Although this issue wasn't considered by the Tax Court in its underlying UTAM opinion, the Tax Court had clearly stated its position in Rhone-Poulenc, (2000) 114 TC 533. In that case, the Tax Court held that Code Sec. 6229(d) does suspend the running of an individual partner's Code Sec. 6501 limitations period if that period is open on the date that IRS mailed the FPAA. Since Morgan's Code Sec. 6501 period was open when IRS mailed the FPAA, the Circuit Court decided that a remand on this issue would be futile, and it agreed with the Tax Court's position on the issue.

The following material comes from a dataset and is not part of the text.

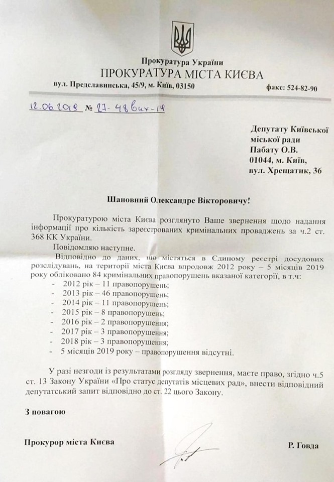 За 5 месяцев нынешнего года не зарегистрировано ни одного уголовного производства по факту получения взятки в особо крупном размере. Об этом говорится в ответе прокуратуры Киева на запрос депутата Киевсовета Александра Пабата.

Referencing its earlier opinion in Andantech, LLC v. Commissioner, (CA DC 2003) 91 AFTR 2d 2003-2623, the Circuit Court stated that the “period for assessing any tax” specified in Code Sec. 6229(a) referred to a partner's generally applicable assessment period since partnerships aren't taxed. Since Morgan's period was six years, the FPAA was issued while his period was still running.
The Court stated that Code Sec. 6229(a) doesn't provide the maximum period for assessments—rather, it sets forth a minimum period for IRS to take action, and if UTAM's argument were accepted, the minimum period would effectively be converted to a limitations period. Thus, the Court concluded that the assessment period which is suspended under Code Sec. 6229(d) is the partner's open assessment period under Code Sec. 6501.
References: For earliest termination date for assessment period for partnership items, see FTC 2d/FIN ¶T-4018; United States Tax Reporter ¶62,294; TaxDesk ¶838,003; TG ¶70431.